▸ **Materials provided**
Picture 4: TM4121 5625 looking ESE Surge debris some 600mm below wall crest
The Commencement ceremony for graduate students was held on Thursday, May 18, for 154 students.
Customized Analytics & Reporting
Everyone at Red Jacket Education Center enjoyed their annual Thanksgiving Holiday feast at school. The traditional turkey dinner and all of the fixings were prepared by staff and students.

...

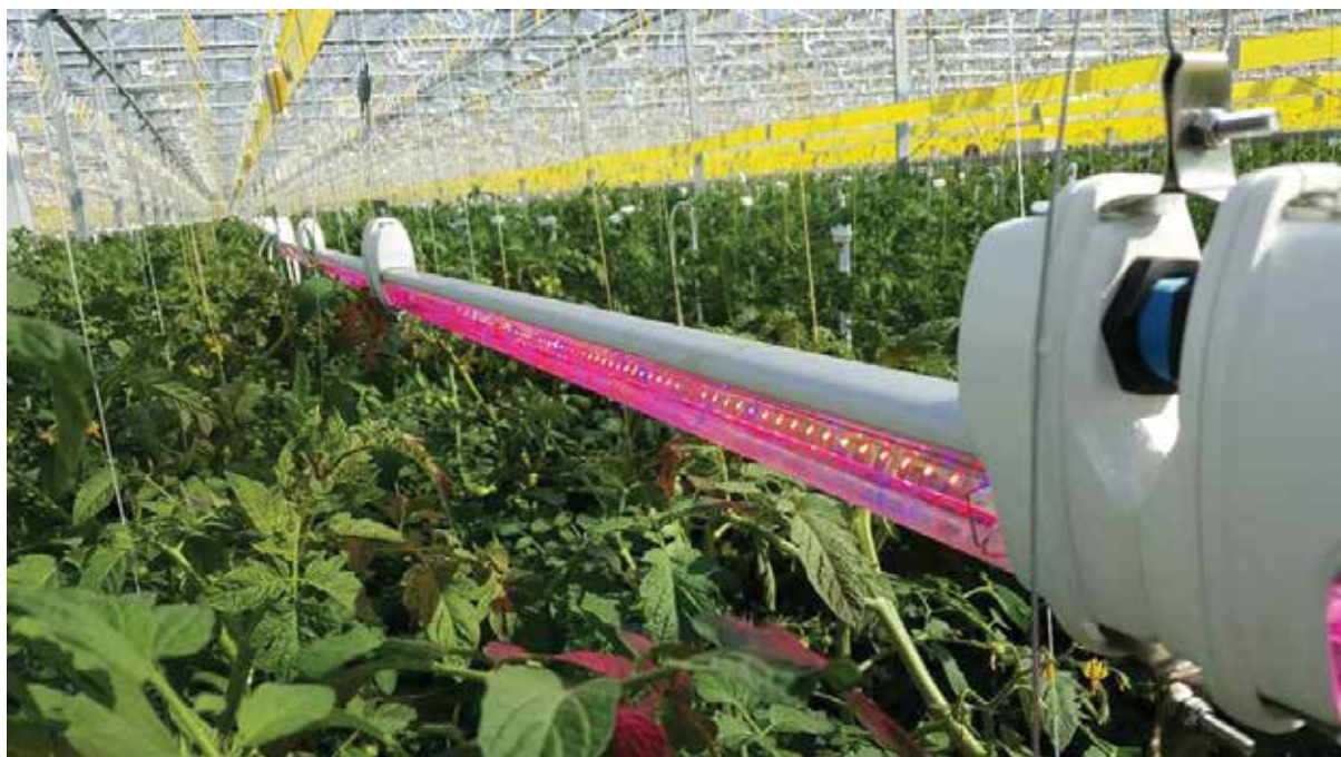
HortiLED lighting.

▸ **Description of the task**
For each line in the data that contains the string "students", give a copy of that line.

▸ **Exercise solution**
The Commencement ceremony for graduate students was held on Thursday, May 18, for 154 students.
Everyone at Red Jacket Education Center enjoyed their annual Thanksgiving Holiday feast at school. The traditional turkey dinner and all of the fixings were prepared by staff and students.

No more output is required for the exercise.